The main difference between balance sheets and income statements is that where income statements cover a period of time such as a week, month, or a year, balance sheets are produced for an exact date and time.
- Cash flow
The cash flow statement is similar to your income statement, but the main difference is that it takes into account when the cash actually gets paid to you. It’s important because you are likely to have invoices that won’t be due on receipt, and this report will be vital for knowing what the curve of the cash flow in your business looks like and when you can afford to bear additional expenses, as well as when to replenish your stock without hurting your cash balance.
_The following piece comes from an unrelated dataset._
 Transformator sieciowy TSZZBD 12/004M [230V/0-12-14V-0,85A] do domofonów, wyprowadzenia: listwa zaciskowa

- Reconciling transactions
The final step in the accounting cycle of a retail store is the balancing of the books, usually performed on a monthly basis, in order to reconcile your records with the actual balance on your business account. When you perform the reconciliation you validate the entire accounting cycle performed beforehand. It is during reconciliation that any discrepancies, errors, and unauthorized expenses come to light. Reconciliation also ensures that filing your taxes is made easier. You can learn more about reconciliation.
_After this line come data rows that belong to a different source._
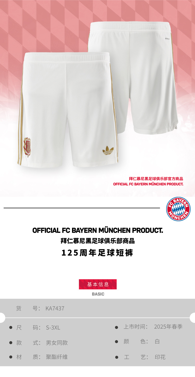 【官网同款】拜仁慕尼黑足球俱乐部 | 125周年足球训练男士休闲短裤球迷
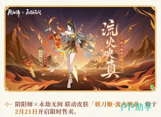 妖刀【流火映真】这款时装是独属于阴阳师和永劫无间的一款联动皮肤,这款皮肤会在2月21号正式上线并且开始显示出售!而且本次的充值活动还可以参加返利活动!同时商城中还会上架最低6元的系列皮肤,大家可以考虑冲一波!
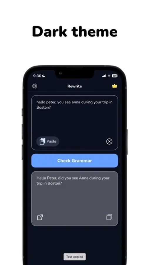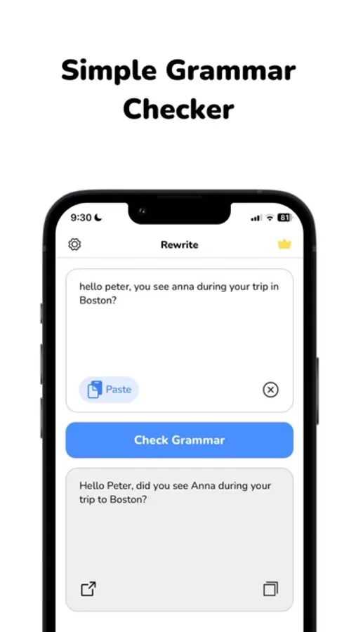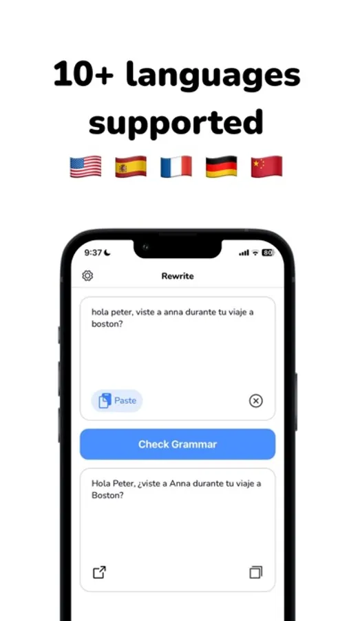 With Rewrite, you don't have to be a native English speaker to write like one. Our app uses AI technology to identify and correct mistakes that other spell-checkers might miss.

What can I do to automate the accounting? Best accounting software for a retail store.
First of all, you might want to look into automating the process of recording transactions and producing accounting reports. You can look at some of the best accounting software for small businesses – QuickBooks Online, Xero, and FreshBooks to decide which one will work best for you.
The next step is equipping your business with smart add-ons, which will allow you to take the automation even further and eliminate risks associated with manual data entry. If you sell your products online, Synder is one such example. It will automatically bring transaction data from Stripe, PayPal to QuickBooks Online and Xero in the background, putting transactions in the right categories for the items you have in your accounting system and even updating the inventory for you automatically if your sales receipt contains item information.
Accounting for a retail store isn’t the easiest one, as it combines various lines of actions. You have to choose the fitting method of counting the inventory costs, track the inventory on hand as well as manage other processes typical for any type of business (recording income and expenses, producing accurate financial statements, performing accounting reconciliation – all in order to keep an eye on the health of your business as well as to be ready for tax-filing).
But as you can see, some of these actions will only seem complex in the beginning. In fact, many of them can be managed in the background once you have smart workflows in place, ensuring that you utilize automation to save money and time.